TASK PROMPT ▸
Could you copy the data that follows exactly as written, but drop the pictures?

SUPPLIED DATA ▸
────

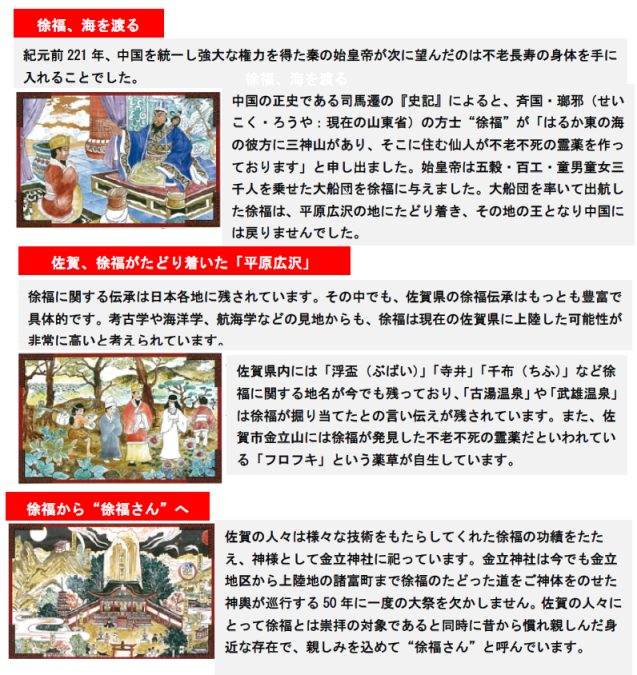 佐賀県内には徐福にまつわる話が数多く残っています。
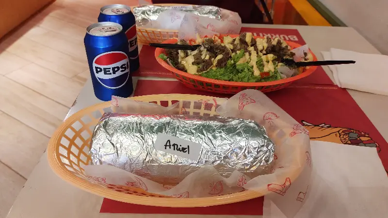 자리에 앉아 메뉴판을 펼쳐 들었다. 다양한 텍스멕스 요리들이 눈길을 사로잡았지만, 우리의 선택은 단연 ‘부리또’였다. 나차의 부리또는 원하는 대로 속 재료를 선택하여 나만의 부리또를 만들 수 있다는 점이 매력적이다.
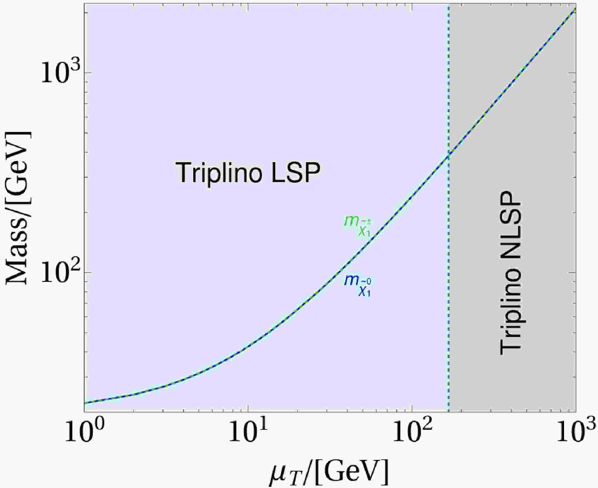 $ \mu_T = 50\; {\rm{GeV}} $ with$ \mu_T \ll M_1, M_2, \mu $ , ensuring the triplino is the LSP. However, the relic density is low, approximately$ 10^{-4} $ , due to strong$ {\rm{SU}}(2) $ interactions similar to those of the wino, which requires a mass of$ \sim 2\; {\rm{TeV}} $ to match the observed relic density. Although a heavy triplino LSP appears viable for dark matter, Fig. 5 shows that the triplino ceases to be the LSP above$ \sim 100\; {\rm{GeV}} $ . At tree level, with$ \mu \gg M_1, M_2 $ , the neutral and charged triplinos are nearly degenerate ($ m \approx 2\mu_T $ ) and dominate the LSP, as shown in Fig. 5. As$ \mu_T $ increases, loop corrections raise the neutral triplino’s mass more than the charged triplino’s, because the neutral triplino, a Majorana fermion, experiences larger Z-boson and scalar loop effects, while the charged triplino, a Dirac fermion, incurs smaller photon and W-boson corrections. This inverts the mass hierarchy, making the charged triplino the LSP. Consequently, we adopt a bino LSP for this study.

────

SOLUTION FOR THIS EXERCISE ▸
 佐賀県内には徐福にまつわる話が数多く残っています。
 자리에 앉아 메뉴판을 펼쳐 들었다. 다양한 텍스멕스 요리들이 눈길을 사로잡았지만, 우리의 선택은 단연 ‘부리또’였다. 나차의 부리또는 원하는 대로 속 재료를 선택하여 나만의 부리또를 만들 수 있다는 점이 매력적이다.
 $ \mu_T = 50\; {\rm{GeV}} $ with$ \mu_T \ll M_1, M_2, \mu $ , ensuring the triplino is the LSP. However, the relic density is low, approximately$ 10^{-4} $ , due to strong$ {\rm{SU}}(2) $ interactions similar to those of the wino, which requires a mass of$ \sim 2\; {\rm{TeV}} $ to match the observed relic density. Although a heavy triplino LSP appears viable for dark matter, Fig. 5 shows that the triplino ceases to be the LSP above$ \sim 100\; {\rm{GeV}} $ . At tree level, with$ \mu \gg M_1, M_2 $ , the neutral and charged triplinos are nearly degenerate ($ m \approx 2\mu_T $ ) and dominate the LSP, as shown in Fig. 5. As$ \mu_T $ increases, loop corrections raise the neutral triplino’s mass more than the charged triplino’s, because the neutral triplino, a Majorana fermion, experiences larger Z-boson and scalar loop effects, while the charged triplino, a Dirac fermion, incurs smaller photon and W-boson corrections. This inverts the mass hierarchy, making the charged triplino the LSP. Consequently, we adopt a bino LSP for this study.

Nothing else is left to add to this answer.